Introduction:

The Cherry Blossom Ten Mile Run is a road race held annually in Washington, DC. It was founded in 1973 conceived as a warm up for runners of the Boston marathon, and a tourist friendly run for visitors during the Cherry Blossom season. The race has enjoyed growth in popularity and now has a lottery system for entry and visiting participants/competitors from other cities and countries. https://www.cherryblossom.org/wp-content/uploads/2021/03/Rite_of_Spring_1973_2020-1.pdf

I decided to explore the historical records of this road race using R, incorporating statistical and programming methods we explored during our course.

Motivation for choosing this project:

I chose this project for the challenge of creating and cleaning a dataset that was not in a finished format, as I wanted to encounter realistic challenges faced by practicing data analysts.

The following report is an exploratory data analysis of the finishers data, which can be found here: https://www.cballtimeresults.org/

Shortcomings in study design:

Despite the fact that this is a comprehensive collection of data, in terms of design of sample collection for inferential statistics, the study creates a very narrow population for which inferences can be created. The fact that the data exclusively represents the entire historical population of run participants for one organized event means that any inferences drawn are exclusively applicable to that event.

To increase the sample population of runners for which inferences could be made, one could randomly sample from multiple races of varying lengths, in multiple cities held at different times of day.

The data collected and any inferences and statistical analysis derived, are anecdotal and not transferable to other running events or populations larger than the participant pool of the Cherry Blossom race event.
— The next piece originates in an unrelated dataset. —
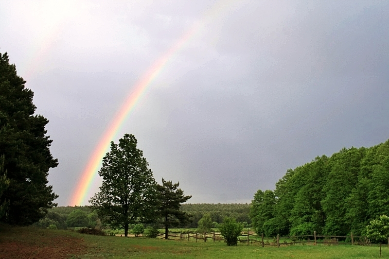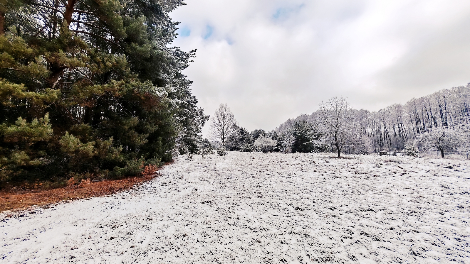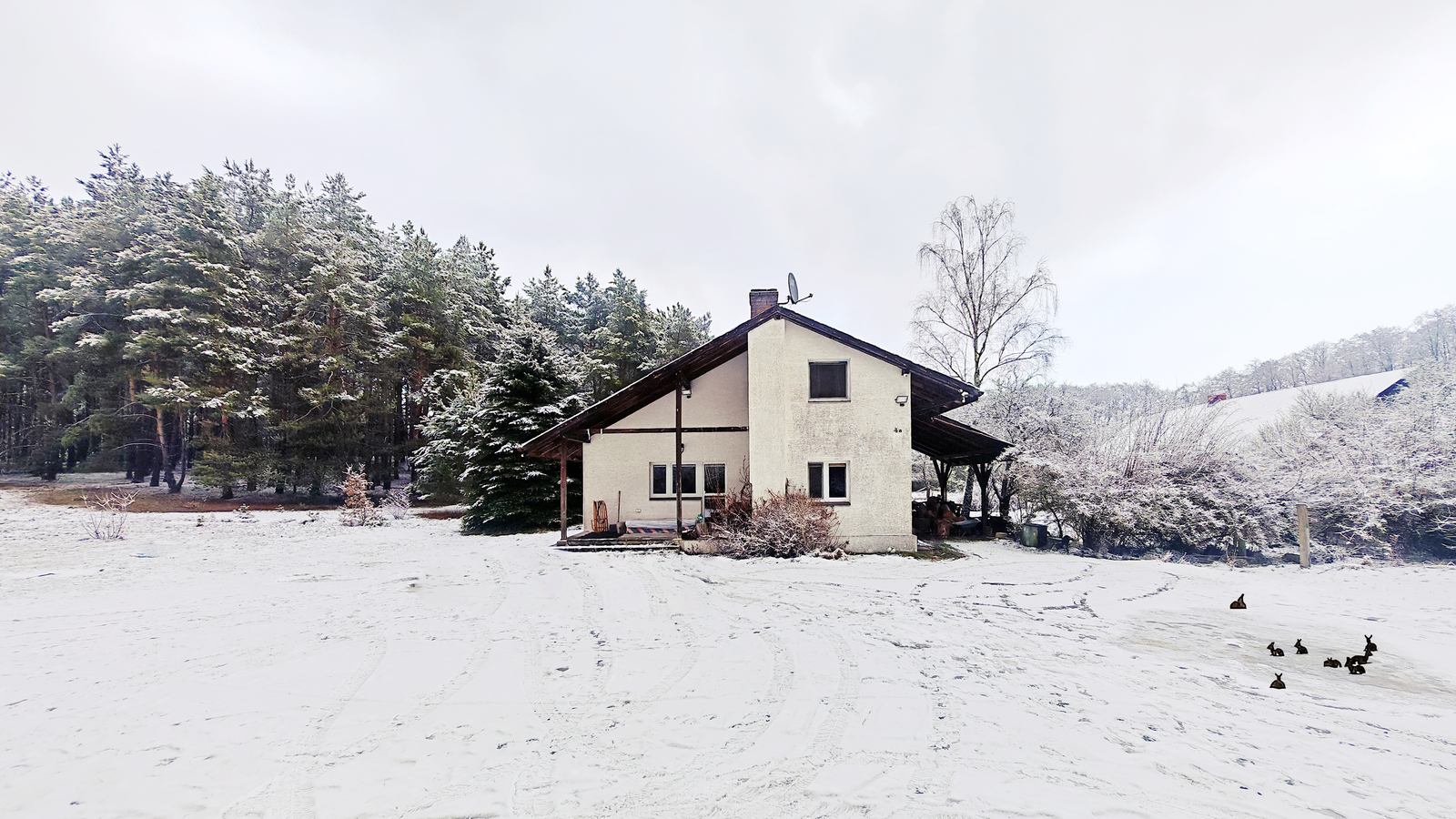 Pagórkowata, częściowo zalesiona działka o powierzchni 5500 m² zapewnia prywatność, przestrzeń i niepowtarzalny kontakt z przyrodą.

Details of the data provided:

A peek at the data:

glimpse(runner_data)
## Rows: 364,841
## Columns: 14
## $ ID            <int> 1, 2, 3, 4, 4, 4, 5, 5, 5, 6, 6, 7, 8, 9, 9, 10, 13, 14,…
## $ race_year     <int> 1998, 1984, 2009, 2011, 2012, 2013, 2012, 2013, 2017, 20…
## $ race_type     <fct> 10M, 10M, 5K, 10M, 10M, 10M, 10M, 10M, 10M, 10M, 10M, 10…
## $ minutes       <int> 103, 65, 36, 108, 105, 106, 104, 94, 95, 91, 99, 68, 72,…
## $ sex           <fct> M, M, M, F, F, F, M, M, M, M, M, M, M, M, M, M, M, F, F,…
## $ age           <int> 53, 37, 36, 37, 38, 39, 47, 48, 52, 53, 54, 47, 44, 42, …
## $ `PiS/TiS`     <chr> "3464/3750", "555/2573", "267/412", "6582/9030", "6577/9…
## $ city          <chr> "Mohegan Lake", "Bladensburg", "Upper Marlboro", "Washin…
## $ state         <chr> "NY", "MD", "MD", "DC", "DC", "DC", "DC", "DC", "DC", "V…
## $ country_1     <chr> "United States", "United States", "United States", "Unit…
## $ races_run     <int> 1, 1, 1, 3, 3, 3, 3, 3, 3, 2, 2, 1, 1, 3, 3, 1, 1, 2, 2,…
## $ latitude      <dbl> 41.3184, 38.9393, 38.8163, 38.8950, 38.8950, 38.8950, 38…
## $ longitude     <dbl> -73.8590, -76.9338, -76.7518, -77.0366, -77.0366, -77.03…
## $ miles_from_dc <dbl> 206.151503, 5.497844, 14.157472, 0.000000, 0.000000, 0.0…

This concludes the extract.